Titan, Saturn's largest moon, has a thick atmosphere teeming with organic compounds.NASA / JPL-Caltech / Space Science Institute

When Voyager 1 flew by Saturn and its moons in 1980, it found a thick, orange-brown atmosphere around Titan, the largest moon of the group. The spacecraft’s imaging instruments couldn’t penetrate the atmosphere, but its spectrometers detected a multitude of molecules that are also found on Earth: mostly nitrogen, but also hints of hydrogen, as well as complex organic compounds like ethane, propane, carbon dioxide, carbon monoxide, and many others. The Huygens probe later found lakes of liquid methane on Titan in 2005, and the Cassini spacecraft eventually expanded the list to include propylene, a chemical used in household plastics on Earth, and hydrogen cyanide, an extremely poisonous compound.

Titan, in short, is an incredibly rich world of organic chemistry—and the list is still growing. NASA scientists report they have detected a molecule in the moon’s atmosphere that potentially could form cell-like membranes, according to new research published Friday in Science Advances.

Using data from ALMA, a network of radio telescopes in northern Chile, the scientists found vinyl cyanide, a hydrocarbon compound, in significant amounts in the dense atmosphere. The detection confirms previous measurements by Cassini, which found only hints of the molecule.

Cell membranes as we know them on Earth—thin, flexible layers made of fatty molecules called lipids—could not survive on Titan. Titan’s atmosphere is mostly made of nitrogen and only traces of oxygen, which actually come from the plumes of icy particles ejected by its neighbor, Enceladus. Titan’s liquid lakes and seas are composed of methane and ethane, and its surface temperature hovers around -290 degrees Fahrenheit.

But vinyl cyanide has certain properties that may allow it to create cell-like membranes, perhaps even in Titan’s environment. Laboratory simulations of the conditions in Titan’s lakes show that vinyl cyanide, compared with other organic molecules, would form the most stable membranes.

The NASA scientists say haze particles in Titan’s upper atmosphere could transport vinyl cyanide down to the surface, where it may interact with the methane and ethane in bodies of water. These reactions could give rise to cell membranes, the key ingredient for the emergence of life—or at least a petri dish in which life can form.

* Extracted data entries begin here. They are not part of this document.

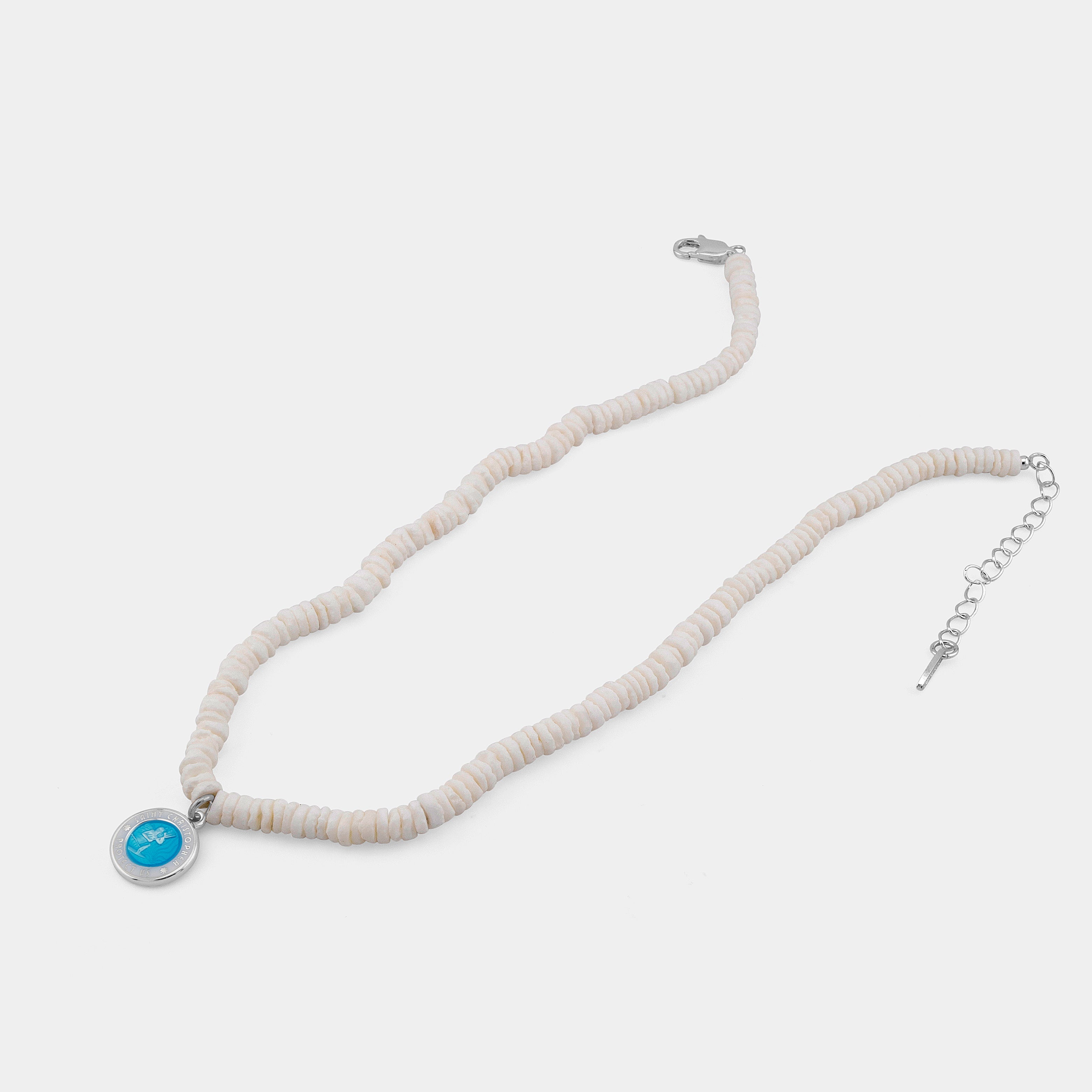 - Presenta un piccolo San Cristoforo color acquamarina/bianco
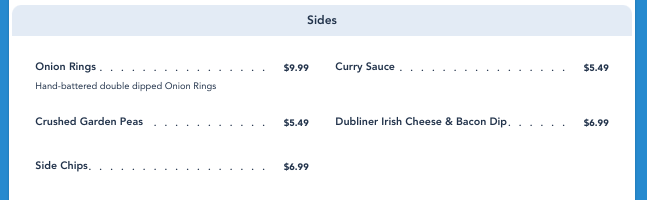 There are some sides to pick from including onion rings, crushed garden peas, chips, curry sauce, and the oh-so-cheesy Dubliner Irish Cheese & Bacon Dip (we’ll get to that in a second!).
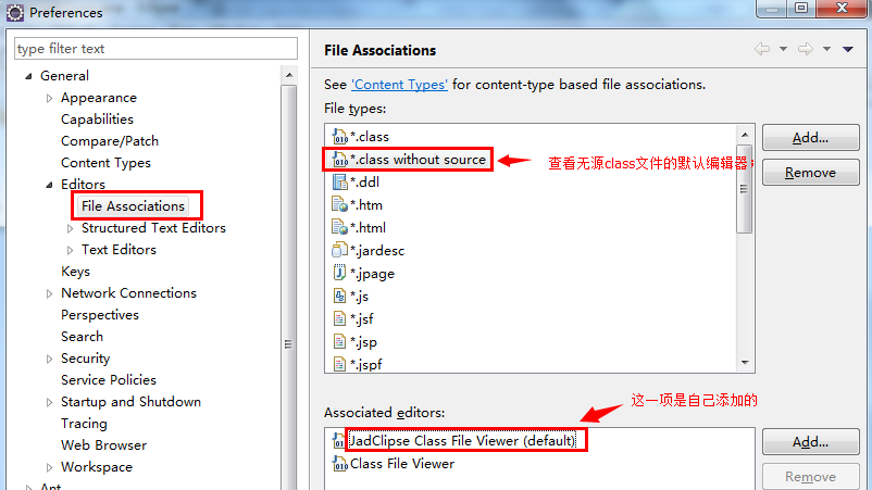 4、此时,打开Eclipse->Window->Preferences->General->Editors->File Associations,可以看到如下图;
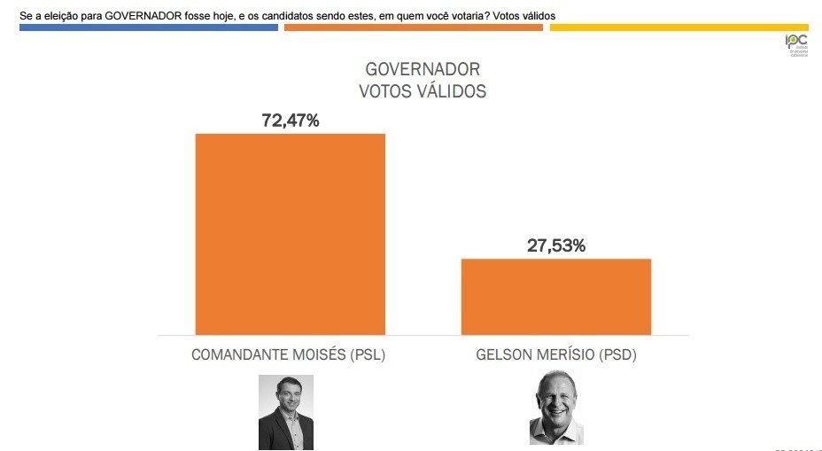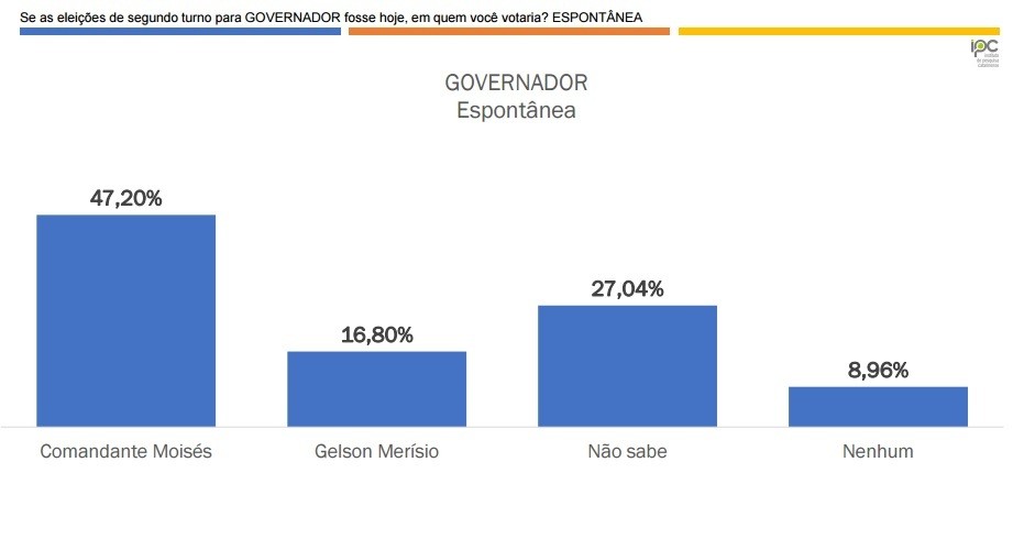 Comandante Moisés vai ganhar a eleição para 51,2% dos entrevistados, enquanto Gelson Merisio será o vencedor para 21,76% dos eleitores ouvidos, e 27,04% responderam que não sabem.
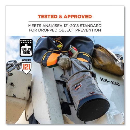 The Arsenal 5973 Large Nylon Hoist Bucket Tool Bag is certified to the ANSI/ISEA 121-2018 dropped object prevention standard for safely hoisting, storing and accessing tools while working at heights. Made primarily of 1200D nylon plus an 840D nylon top, synthetic leather bottom and heavy-duty YKK zipper closure this hoist bucket is built for long-lasting durability. Unlike other tool buckets, it includes a built-in zippered top for ensuring tools do not spill out when at heights. In addition to the zippered closure, the top ring of the bucket is molded to maintain a wide opening for easy viewing and access to tools. An interior pocket is also included for tool organization. The high-tensile webbing handle is reinforced with leather and tarpaulin, and features a durable alloy steel d-ring for hoisting. Rigorously tested and approved to the ANSI/ISEA 121-2018 standard for dropped object prevention.Note: This is a non-returnable item.
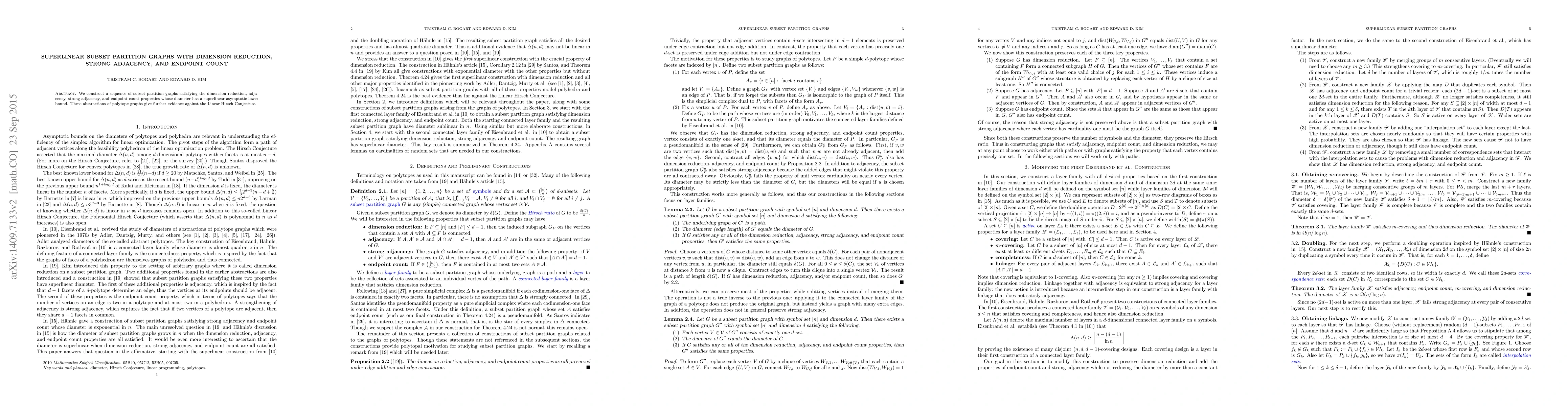 Summary: This paper constructs a sequence of subset partition graphs that demonstrate superlinear diameter growth, supporting evidence against the Linear Hirsch Conjecture, while satisfying dimension reduction, adjacency, strong adjacency, and endpoint count properties.
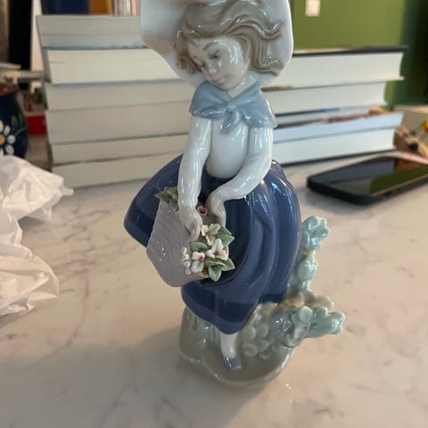 porslinsfigurer i vit ton. Två figurer föreställande sittande respektive krypande änglabarn med detaljerade vingar och kläder.
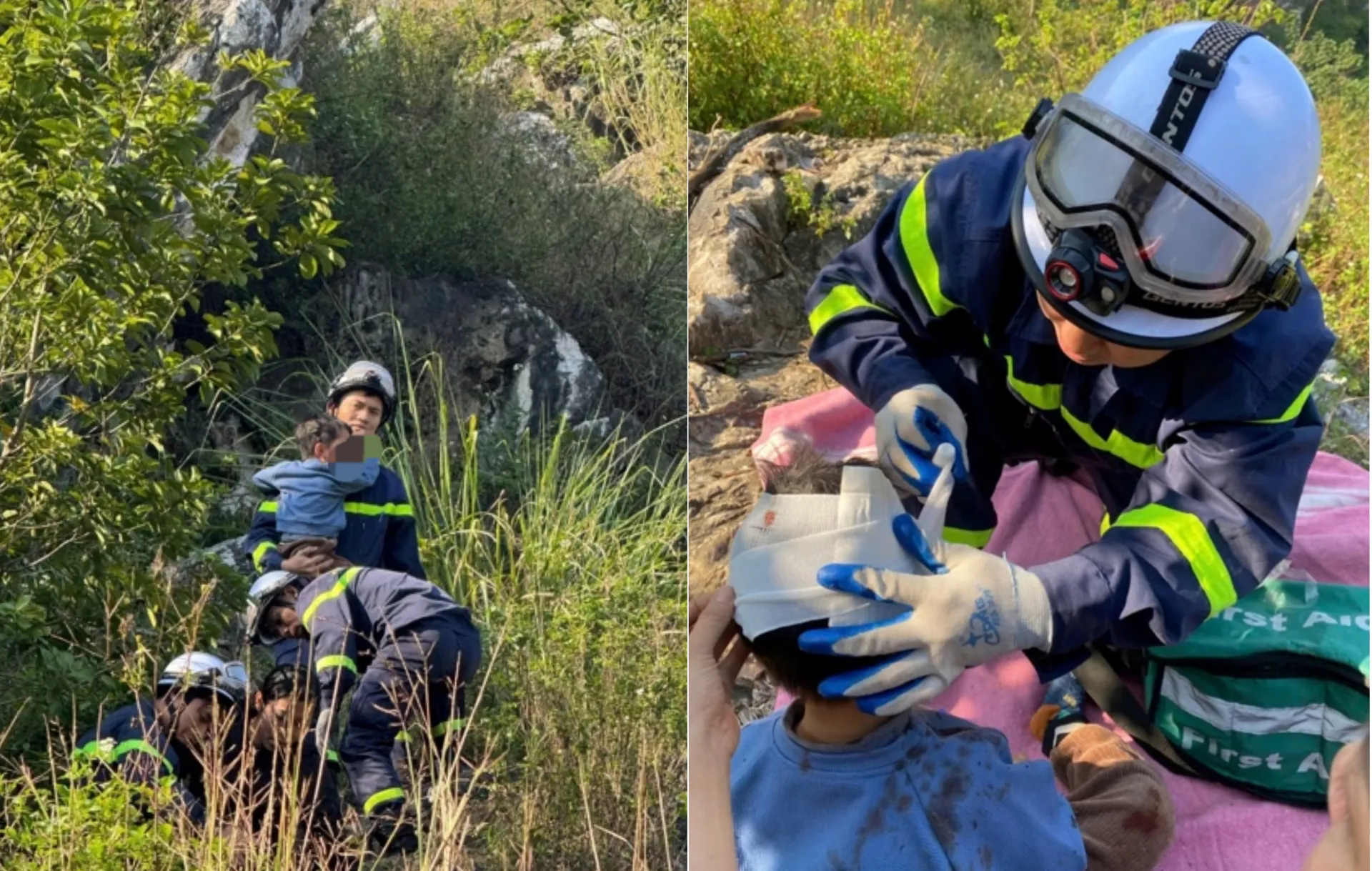 Hà Nội: 2 cháu bé bị mắc kẹt dưới hố sâu ở núi Trầm được cảnh sát giải cứu
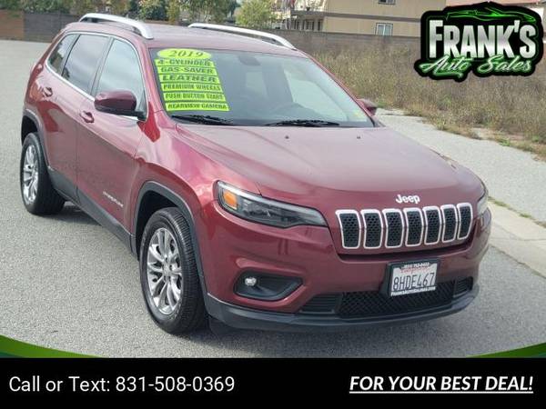 2019 *Jeep*Cherokee*Latitude Plus -Stock 12265 Frank's Auto Sales 831-508-0369 - Call now for your best deal! ๐ ๐ Why Shop With Us? Located in Salinas, California, Frank's Auto Sales, INC. is a pre-owned, late model dealer that provides customers with a complete automotive experience at competitive prices. Frank's Auto Sales, INC. is dedicated to customer satisfaction and we have provided you with a map, as well as our address and phone number to help you find us easily. We are passionate about luxury cars and we intent on sharing that passion with you when you purchase your new car from us. Come by today and test drive the car of your choice. Year: 2019 Make: Jeep Model: Cherokee Trim: Latitude Plus Mileage: 86k miles Exterior Color: Velvet Red Pearlcoat Interior Color: Black Engine: 2.4L 4 Cylinders Drive: fwd Transmission: Automatic VIN: 1C4PJLLB3KD313047 Enjoy our amazing 2019 Jeep Cherokee Latitude Plus that's dynamite in Velvet Red Pearlcoat! Powered by a 2.4 Liter Tigershark 4 Cylinder that generates 180hp tethered to a 9 Speed Automatic transmission for rewarding road manners.This Front Wheel Drive SUV is supremely capable on the trail, impressively confident on the pavement, and sees nearly 29mpg on the highway while showing off LED lighting, fog lamps, bright roof rails, and bold alloy wheels. Inside our Latitude Plus, notice the comfortable layout with cloth/premium vinyl seats, eight-way power for the driver, and a leather-wrapped steering wheel.Enjoy high-tech convenience with a 7-inch touchscreen, Android Autoยฎ, Apple CarPlayยฎ, Bluetoothยฎ, and a six-speaker audio system for the creature comforts you'll need to keep a smile on your face. You'll also be confident knowing that Jeep safety features such as a rearview camera, ABS, stability/traction control, and multiple airbags are in place to keep you safe and secure.This Cherokee Latitude Plus's winning combination of capability, comfort, and style will surely please you! Save this Page and Call for Availability.We Know You Will Enjoy Your Test Drive Towards Ownership!
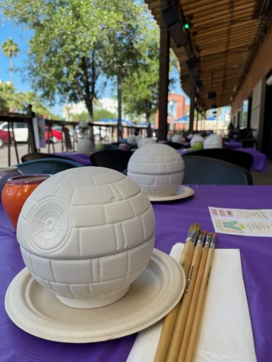 Participants painted Death Star Banks using acrylic paints, making it ready to take home once it dried!
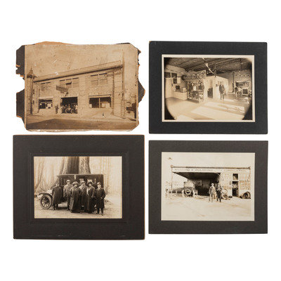[EARLY PHOTOGRAPHY] --[AUTOMOBILES]. A group of photographs of early automobiles, mechanics and auto shops, including racing action shots, comprising:
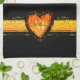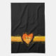 Elegant Orange Heart Valentine day Black Monogram Tea Towel
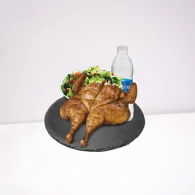 المكونات: فروج مشوي متبل، سلطة، مياه.
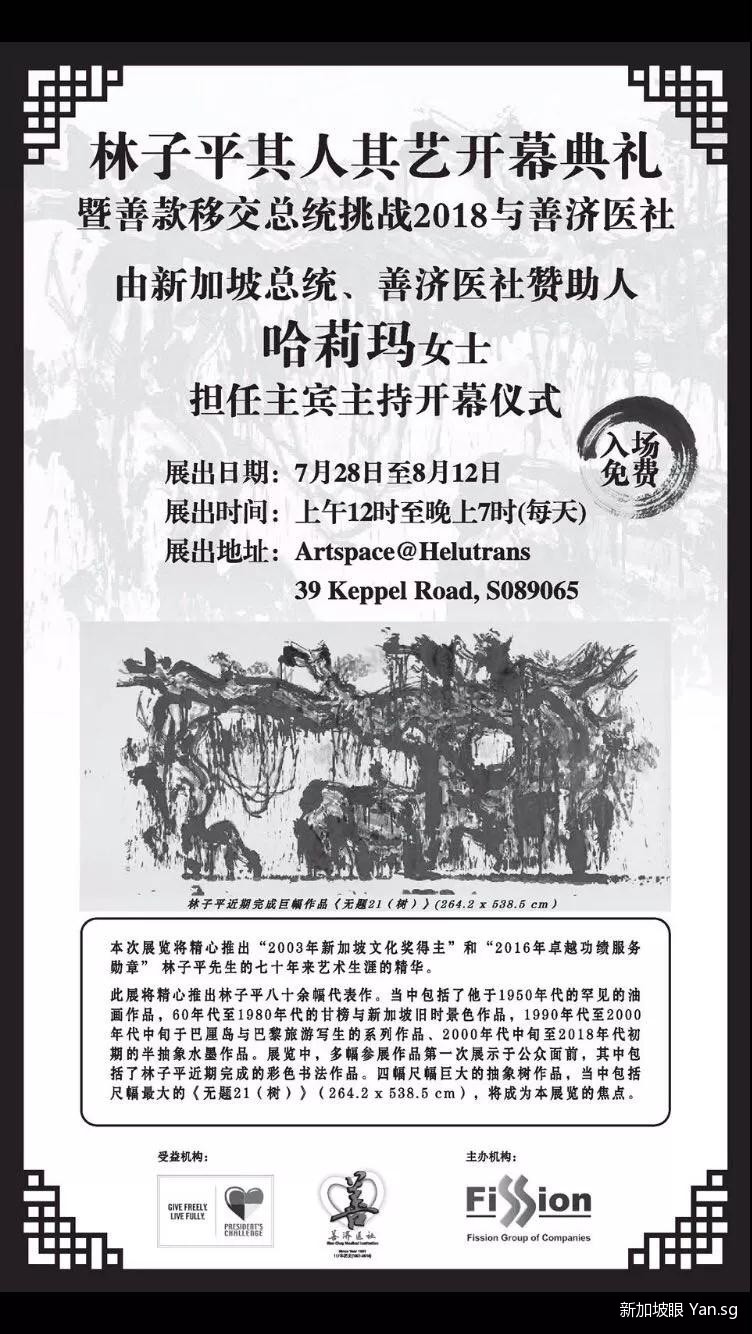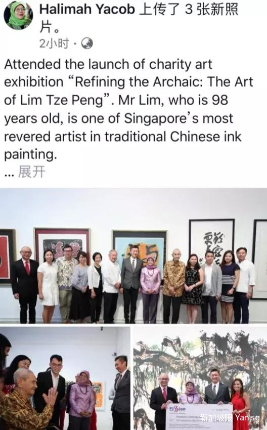 今天,新加坡总统哈莉玛亲自出席了一位老人的画展开幕式并po出脸书。这位老人就是98岁的新加坡国宝画家——林子平。
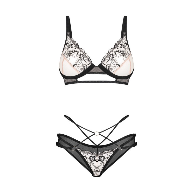 L’ensemble se compose d’un soutien-gorge et d’une culotte au design unique. Sa coupe originale ornée d’un motif botanique attire l’attention. Une combinaison intrigante de matériaux de haute qualité qui accentuera la beauté de la figure féminine.
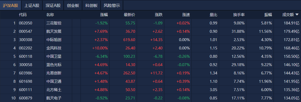 个股方面,三花智控成交额超184亿元居首,航天发展、中际旭创、金风科技成交额靠前。
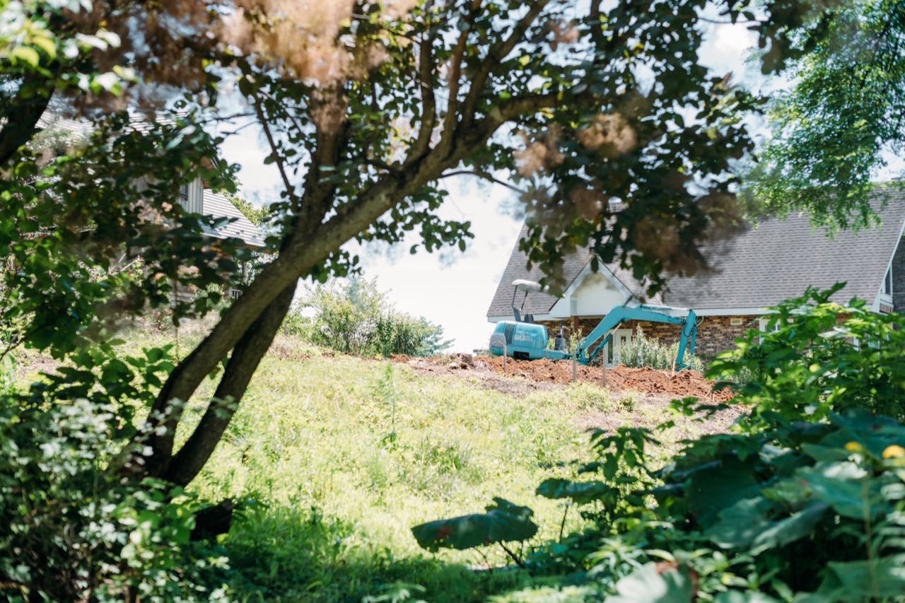 ↑窪んだ地形に咲くスモークツリー。屋外でも食事が楽しめる場所にしていく予定です。
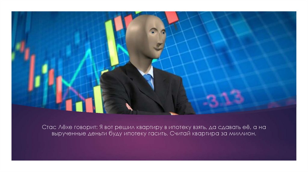 Стас Лёхе говорит: Я вот решил квартиру в ипотеку взять, да сдавать её, а на
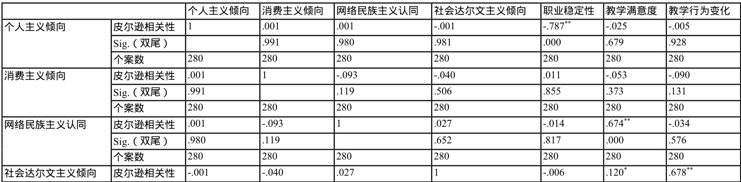 相关分析的目的是查看变量之间线性相关性。下表展示了个人主义倾向、消费主义倾向、网络民族主义认同、社会达尔文主义倾向、职业稳定性、教学满意度、教学行为变化这七个变量之间的相关系数(Pearson Correlation)和显著性水平(Sig.双尾)。

Cell membranes create an enclosed space where reactions can occur more easily and frequently than they would in a big environment with no clear boundaries. Carl Sagan once called Titan a “laboratory for prebiological organic chemistry.” The presence of cell-like membranes would create infinite numbers of tiny laboratories. The NASA scientists say their estimates of vinyl cyanide in Titan’s atmosphere suggest there may be enough molecules dissolved in Ligeia Mare, the moon’s second-largest body of liquid, to build up to 10 million membranes per cubic centimeter.

Titan’s atmospheric chemistry resembles that of an early Earth, which makes the moon an exciting target in the field of astrobiology. It’s serving up a soup chock-full of the some of the ingredients necessary to spark life, like nitrogen, carbon, and hydrogen. “They’re fundamental to life as we know it,” says Sarah Hörst, a planetary scientist at Johns Hopkins University who studies Titan. “They may be fundamental to life as we don’t know it, if only because they’re the most abundant elements in the universe.”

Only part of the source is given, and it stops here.